*EXERCISE DIRECTIONS*
From the first line to the last, give the material again exactly, without the images.

*AVAILABLE DATA*
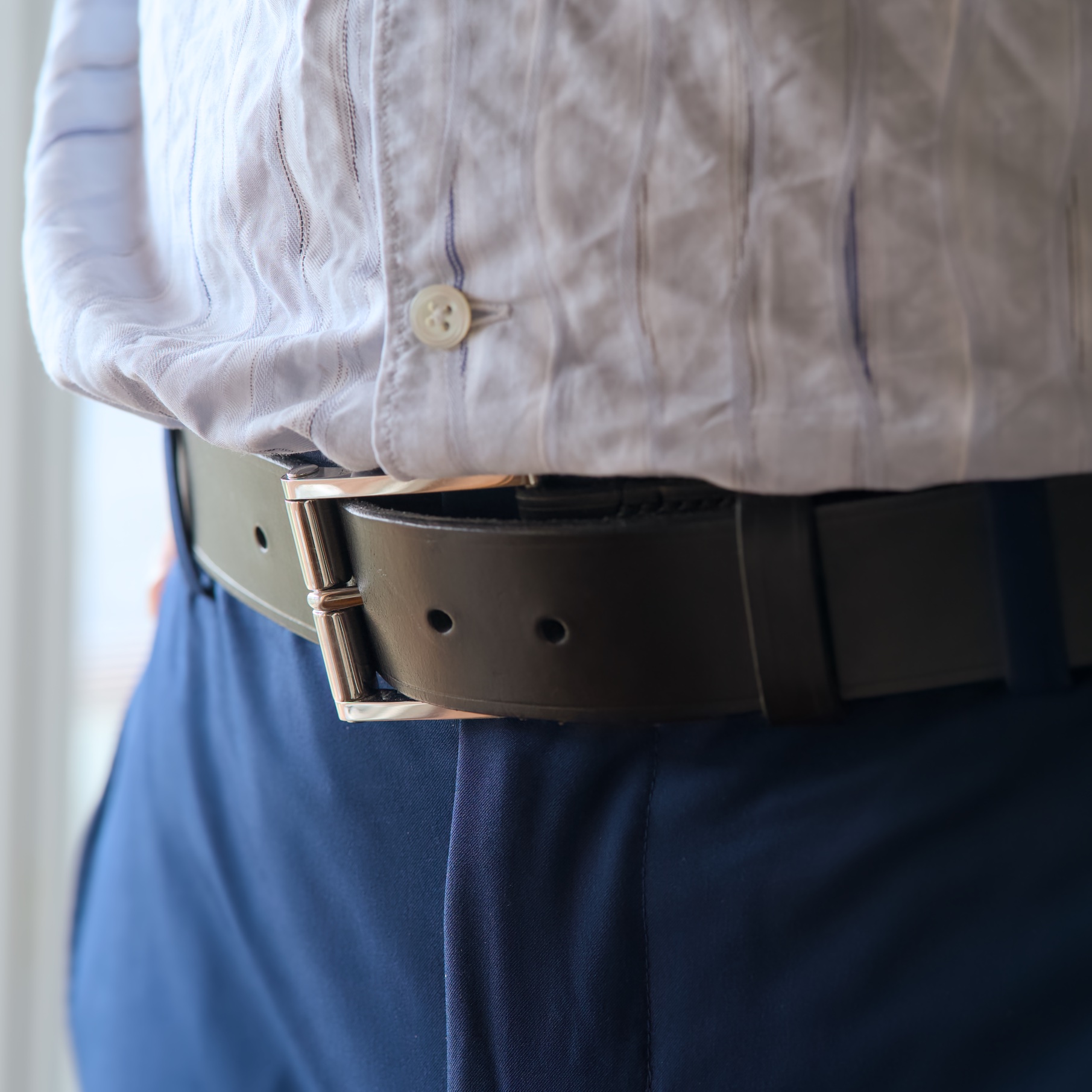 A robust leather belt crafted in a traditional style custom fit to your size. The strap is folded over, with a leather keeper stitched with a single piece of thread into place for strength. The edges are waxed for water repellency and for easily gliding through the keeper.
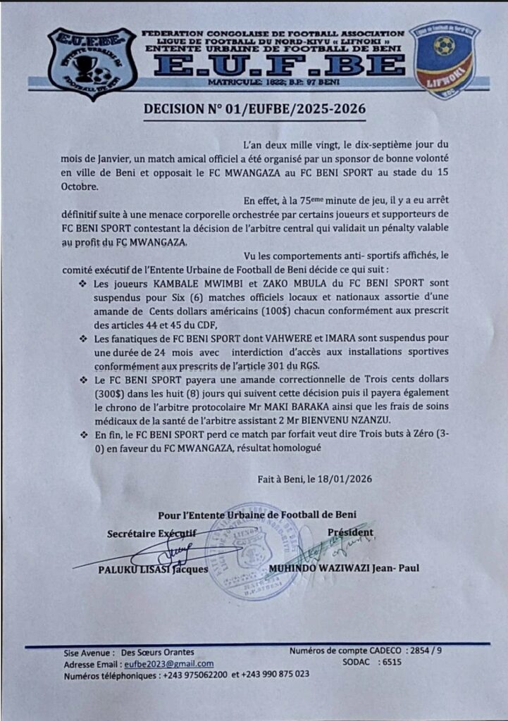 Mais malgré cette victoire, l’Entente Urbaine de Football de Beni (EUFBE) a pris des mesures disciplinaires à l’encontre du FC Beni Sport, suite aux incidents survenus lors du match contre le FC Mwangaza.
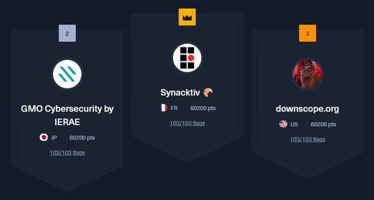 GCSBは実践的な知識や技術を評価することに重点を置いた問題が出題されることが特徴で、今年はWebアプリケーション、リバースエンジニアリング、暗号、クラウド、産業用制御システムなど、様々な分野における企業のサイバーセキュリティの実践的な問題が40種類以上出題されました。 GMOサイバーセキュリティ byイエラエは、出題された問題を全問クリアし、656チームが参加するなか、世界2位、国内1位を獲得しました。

*COMPLETED EXERCISE*
 A robust leather belt crafted in a traditional style custom fit to your size. The strap is folded over, with a leather keeper stitched with a single piece of thread into place for strength. The edges are waxed for water repellency and for easily gliding through the keeper.
 Mais malgré cette victoire, l’Entente Urbaine de Football de Beni (EUFBE) a pris des mesures disciplinaires à l’encontre du FC Beni Sport, suite aux incidents survenus lors du match contre le FC Mwangaza.
 GCSBは実践的な知識や技術を評価することに重点を置いた問題が出題されることが特徴で、今年はWebアプリケーション、リバースエンジニアリング、暗号、クラウド、産業用制御システムなど、様々な分野における企業のサイバーセキュリティの実践的な問題が40種類以上出題されました。 GMOサイバーセキュリティ byイエラエは、出題された問題を全問クリアし、656チームが参加するなか、世界2位、国内1位を獲得しました。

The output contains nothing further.